Frequently asked questions
How many photos should I bring to the hairdresser?
Bring two or three photos of the result you want, from different angles, plus one photo of your own hair as it is now, unwashed and unstyled. A single model photo from the internet is not enough, because that hair may be a completely different type from yours. Photos that show the cut from the side and the back help far more than a front-facing portrait.
Why does the word "a little" cause so much confusion?
"A little" to you might be two finger-widths, to the hairdresser it might be five centimetres. The word has no shared measure. Measure the length with fingers or with body points, like "to the shoulder" or "two fingers above the elbow", and point at your own hair to show where the end should fall. That way you are both talking about the same thing.

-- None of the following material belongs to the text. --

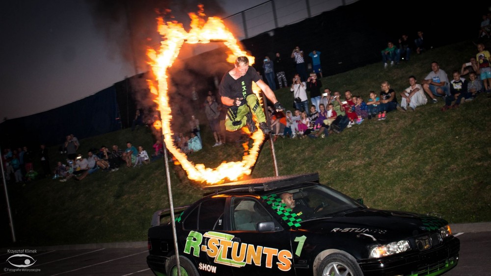 * przejazd przez ścianę ognia z człowiekiem na masce pojazdu;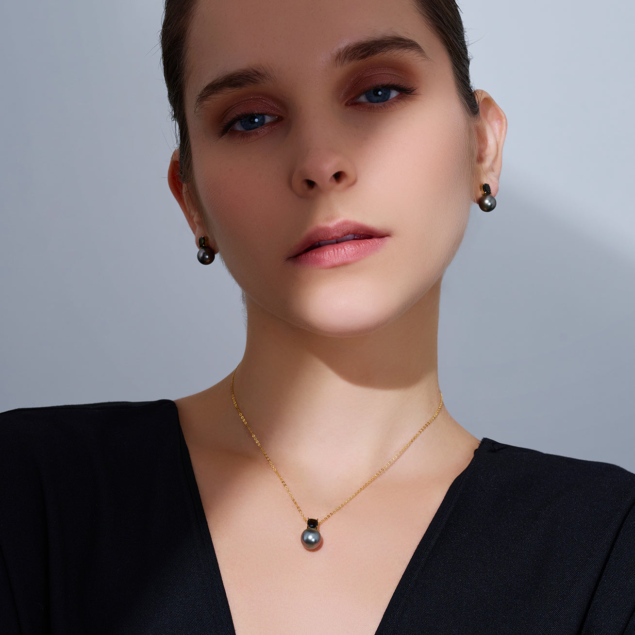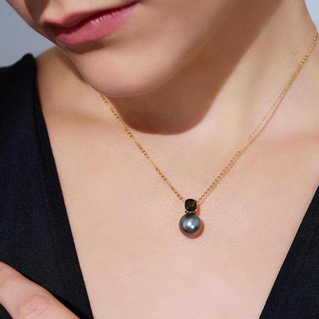18K Solid Gold Saltwater Tahitian Pearl Necklace KN00346 - PEARLY LUSTRE

Should I tell the hairdresser if I have used box dye or keratin?
Absolutely, and from the start. Box dye, keratin, home bleaching and any past treatment change what can be done with your hair today. If you hide it, you risk a bad result or damaged hair, and the hairdresser is not at fault because she did not know. The truth saves you from ugly surprises.
What do I say if something feels wrong during the service?
Speak up right away, calmly and specifically. Say "let us stop a second, this is coming out shorter than I expected" or "this colour is looking cooler than I wanted". The earlier you say it, the easier it is to fix. If you wait until the end out of politeness, it is often too late and you both end up sorry.
Should I ask about the price before starting?
Yes, always, and it is nothing to be shy about. Ask what the full service costs and how much upkeep it needs over the coming months, especially for colour and balayage. A colour that looks lovely but needs a refresh every four weeks costs far more over a year than the first price. Better to know before you sit in the chair.
Does it help to send a message before the appointment?
A lot. A short WhatsApp message with the result photo and a photo of your own hair gives the hairdresser time to think about whether it works, how long it takes and what she needs. That way you do not waste the appointment explaining in the chair, and she can tell you up front if something is not realistic on your hair.